Web-of-Trust for Crowdsourced Data

The "Web-of-Trust" (https://ieeexplore.ieee.org/abstract/document/883720/) was a de-centralized model for identity management from the late '90s. Without getting too deep into the scheme, the idea was to model indirect trust. With one level of indirection: Alice believes Fact A, and Bob trusts Alice, so Bob believes Fact A as well. Unfortunately this leads to a problem... now if Carol also trusts Bob, should Carol believe Fact A also? The idea behind web of trust was to "decay" trust: In the above example, Bob would really trust Alice (factor = 0.9), so he would have a 0.9 belief in Fact A. Now Carol only slightly trusts Bob (factor = 0.5), so her belief in Fact A would be lower (e.g., 0.5 * 0.9 = 0.45). Let's say Carol decides to trust Dave a lot (0.9) and Dave already trusts Alice a lot (0.9). Now Carol's belief in Fact A goes up (by how much depends on the specific scheme)!

The idea here would be to develop a similar scheme for crowdsourced data. Create a system that allows multiple users to contribute, and develop a way for them to see what possible facts there are, and evaluate how much they should trust each of these facts, based on how much they trust other people.

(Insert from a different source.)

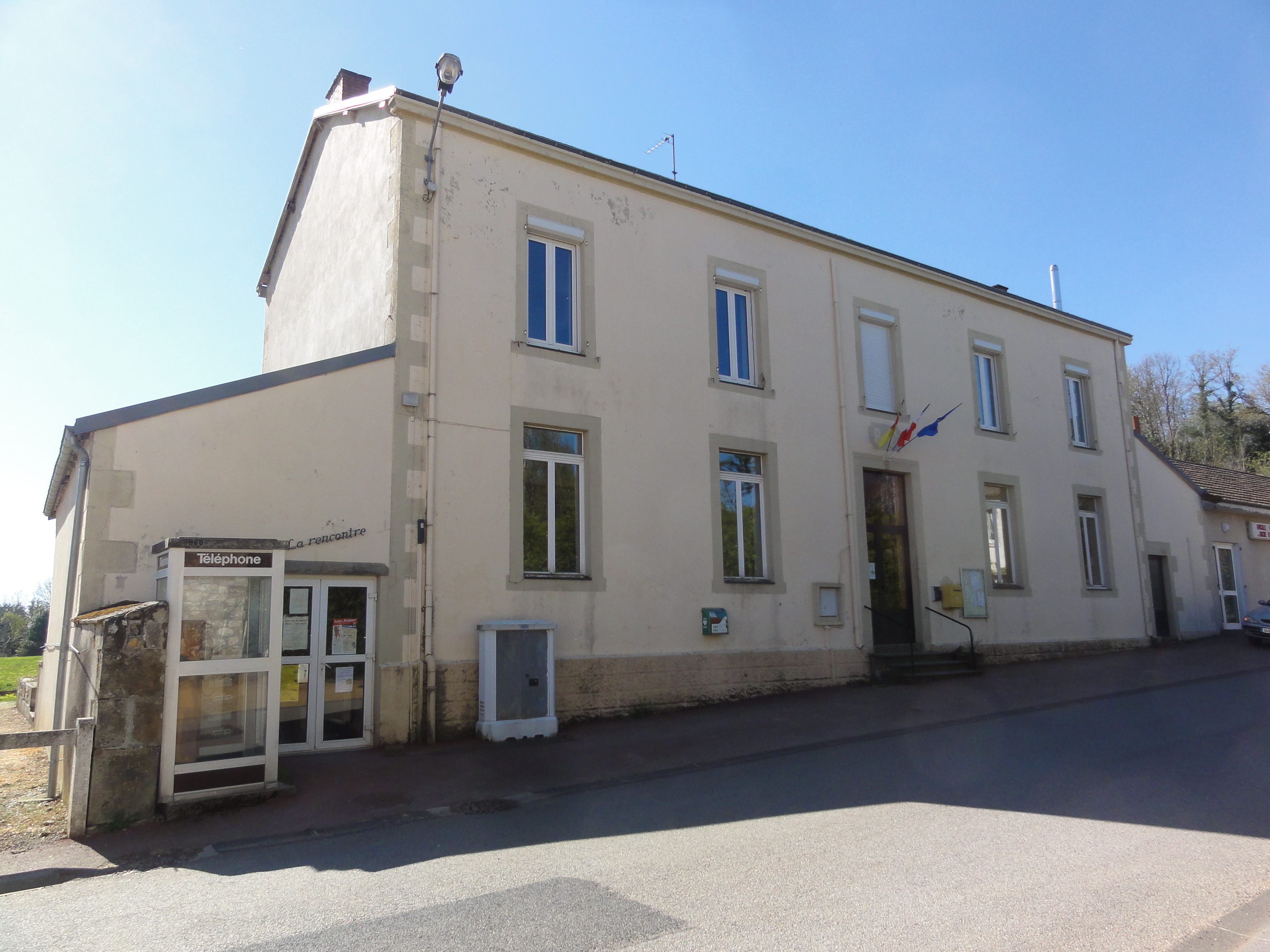 Roche d'Agoux (Puy-de-Dôme) mairie

Sensitivity Analysis in Mimir

https://dl.acm.org/citation.cfm?id=1989411 https://dl.acm.org/citation.cfm?id=1989376

These papers explore the idea of sensitivity analysis in databases. Both are built on tuple-independent probabilistic databases: databases that allow "Uncertain" records to appear in tables. Uncertain records are associated with probabilities: There's some chance that these records do (or do not) actually appear in the database. Normally, probabilistic databases are designed to answer, based on these probabilities, how likely some query result is going to be. Sensitivity analysis takes a different approach: How important is any one of these uncertain records? If I knew for certain whether an uncertain record were in/not in the database, how would that change my confidence in a query result?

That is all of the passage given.